Analysing the S&P 500's recent volatility and potential bull trap. Our technical analysis covers key support and resistance levels, market breadth, and the impact of ongoing trade tensions.
Let us revisit the technical analysis chart of the S&P 500, a major US benchmark stock index that has witnessed heightened two-way volatile movements in the past two weeks due to trade tariffs woes.
We have previously introduced the S&P in our blog article “A comprehensive guide to the S&P 500 and its CFD trading”
The price actions of the US S&P 500 CFD Index (a proxy of the S&P 500 E-mini futures) have staged the expected bearish breakdown below its 200-day moving average, extending a decline of 21% from its current all-time high of 6,153 on 19 March to print a recent low of 4,812 on 7 April.
On Wednesday, 9 April, US President Trump announced a 90-day pause on the higher reciprocal tariff rates for countries that do not retaliate, except for China, where duties on Chinese imports were raised to 145%.
The U.S. stock market soared, and the S&P 500 posted a monster rally of 9.5%, its best single-day performance since 2008. However, several technical elements have suggested that Wednesday, 9 April’s swift up move may be a bull trap in the making.
The daily RSI momentum indicator of the US S&P 500 CFD Index has printed a “lower high” below its 50 level on Thursday, 10 April, in connection with a bearish reaction candlestick seen below its downward sloping 20-day moving average that is acting as a key resistance at 5,545.
In addition, market breadth within the S&P 500 remains weak, offering little evidence of a potential medium-term bullish reversal despite the sharp rally on 9 April.
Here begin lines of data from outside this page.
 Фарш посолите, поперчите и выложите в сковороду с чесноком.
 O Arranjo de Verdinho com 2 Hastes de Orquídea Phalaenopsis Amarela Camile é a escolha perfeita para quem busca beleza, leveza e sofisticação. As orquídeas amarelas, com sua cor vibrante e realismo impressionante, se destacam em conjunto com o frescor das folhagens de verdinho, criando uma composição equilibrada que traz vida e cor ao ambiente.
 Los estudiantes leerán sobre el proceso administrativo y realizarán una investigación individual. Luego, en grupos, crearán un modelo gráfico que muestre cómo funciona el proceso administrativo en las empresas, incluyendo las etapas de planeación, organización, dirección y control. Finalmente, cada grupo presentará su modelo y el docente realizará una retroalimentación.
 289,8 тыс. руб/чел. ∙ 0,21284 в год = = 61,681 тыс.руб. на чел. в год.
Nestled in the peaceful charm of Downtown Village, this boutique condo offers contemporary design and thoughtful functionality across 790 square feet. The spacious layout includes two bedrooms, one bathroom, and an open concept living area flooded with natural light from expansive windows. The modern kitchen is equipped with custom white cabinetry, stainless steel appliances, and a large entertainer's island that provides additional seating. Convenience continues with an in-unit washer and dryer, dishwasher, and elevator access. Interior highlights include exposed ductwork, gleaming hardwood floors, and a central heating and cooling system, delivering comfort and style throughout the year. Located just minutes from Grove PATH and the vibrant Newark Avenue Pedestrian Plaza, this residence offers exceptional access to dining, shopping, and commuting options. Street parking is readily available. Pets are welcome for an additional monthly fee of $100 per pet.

As of Thursday, 10 April, only 10% of S&P 500 component stocks were trading above their respective 20-day moving averages, a continued decline that underscores the lack of broad-based participation in the rebound.
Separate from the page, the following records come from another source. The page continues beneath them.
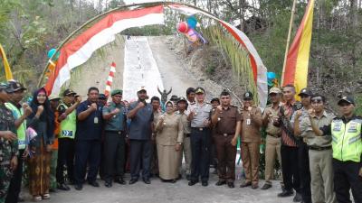 Upacara penutupan kegiatan TMMD Sengkuyung ke 103 Tahap III kali ini juga dihadiri Bupati Gunungkidul, Hj. Badingah, S.Sos., Forkopimda, tokoh masyarakat dan tamu undangan lainnya. (*tim_IKP)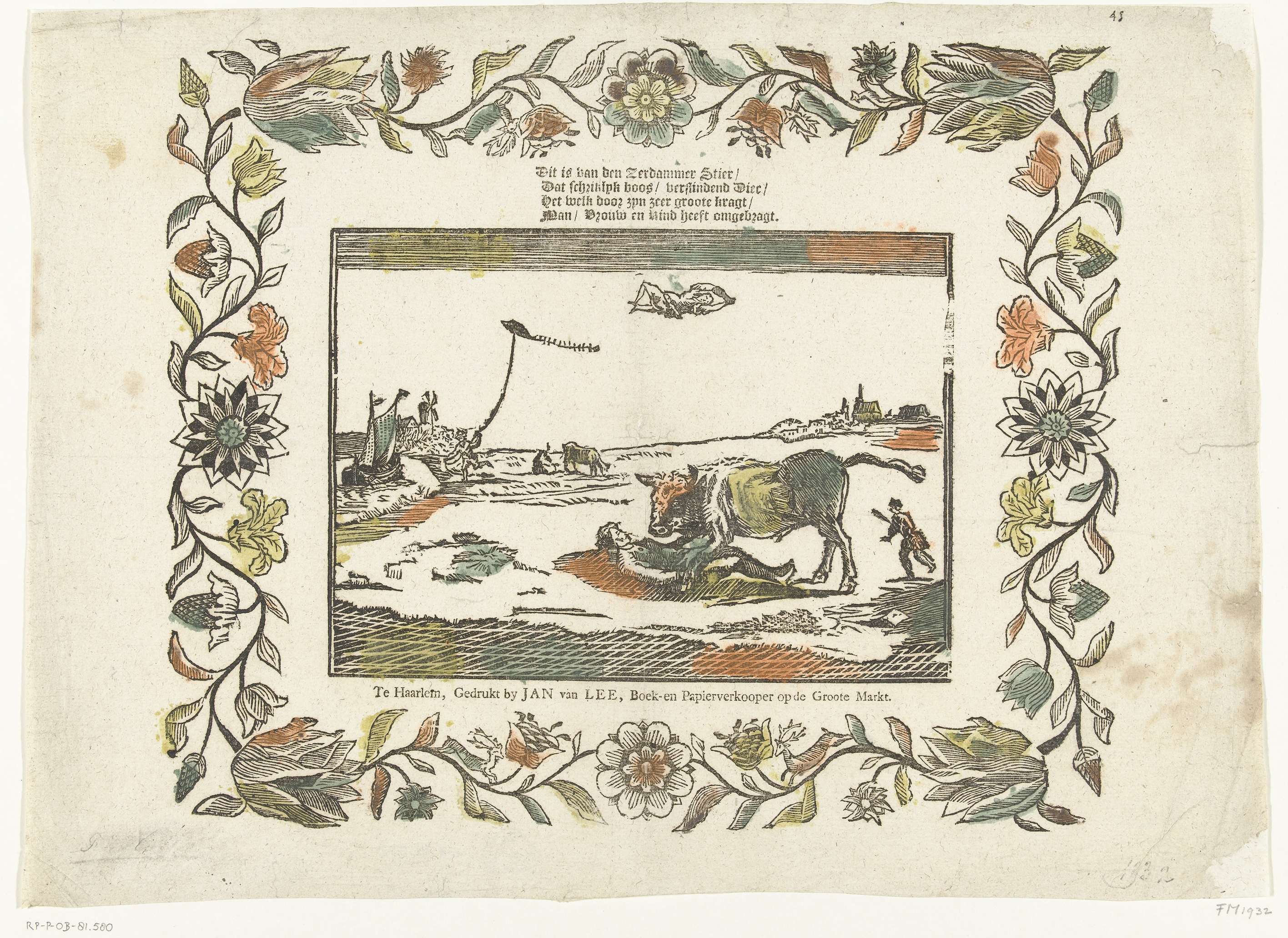 Illustratie van de gebeurtenissen die bekend staan als de wreedheid van de stier, 1647. De boer en zijn zwangere echtgenote die op 29 augustus 1647 te Zaandam door een stier werden aangevallen. De vrouw wordt door de stier op de horens genomen waarbij het kind uit de buik wordt geslingerd. Boven de voorstelling een versje ...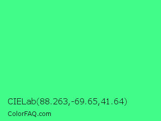 CIELab 88.263,-69.65,41.64 Color is a light green color and the nearest color is Very Light Malachite Green #64e986. Hex code #42fc8a and RGB value is rgb(66,252,138). In RGB color space, this color is composed of 26% red, 99% green, 54% blue, In CMYK color space, this color is composed of 74% cyan, 0% magenta, 45% yellow , 1% black , In HSL color space, this color has a hue angle of 143° , 97% saturation and 62% lightness.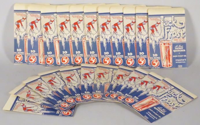Lot of Jack Frost Beverage Mix Packages and die cut cardboard price sign. (22) NOS packs. 3 1/2 X 5 3/4 inches.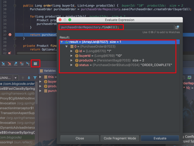 1. Evaluate : 해당 위치에서 원하는 메서드 사용
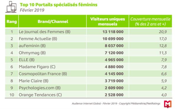 Trois femmes CSP+ sur 4 consultent les portails féminins. En février 2019, selon Médiamétrie, 27 millions de visiteurs uniques ont consulté les sites et applications spécialisés sur l’univers féminin, soit 42,9% de la population française.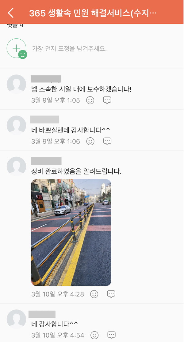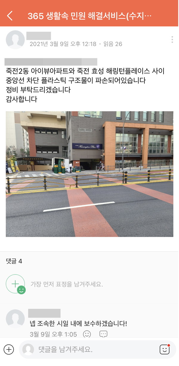 수지구 죽전2동에 거주 중인 A씨는 아이뷰아파트와 효성해링턴플레이스 사이 중앙선 플라스틱 구조물이 파손된 것을 발견했다. A씨는 네이버 밴드를 통해 구청에 신고했고, 하루 만에 조치한 결과를 사진으로 받아볼 수 있었다.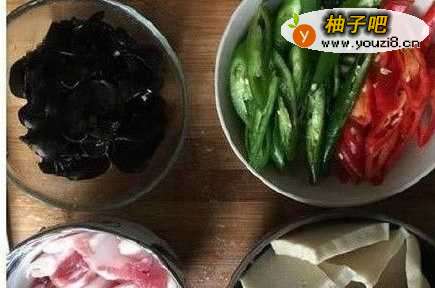 备料:千叶豆腐切片,黑木耳泡发好洗净撕成小片,洋葱切条,五花肉切薄片;青椒红椒斜切丝,生姜切丝备用;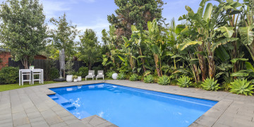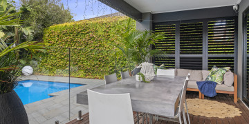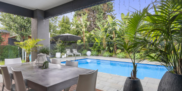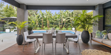 The large open plan living space opens out to a deck which borders the resort style back garden complete with a backdrop of banana palms sits next to the aquamarine pool creating a lush serene space for shoots or productions.

Watch the US S&P 500 CFD Index’s major support at 4,820, and a break with a daily close below it may trigger the start of another potential impulsive down move to expose the next medium-term supports at 4,520, and 4120.
On the other hand, a clearance above the 5,545 key medium-term pivotal resistance negates the bearish tone to see the major resistance coming in at 5,795 (also, the point of intersection between the 50-day and 200-day moving averages).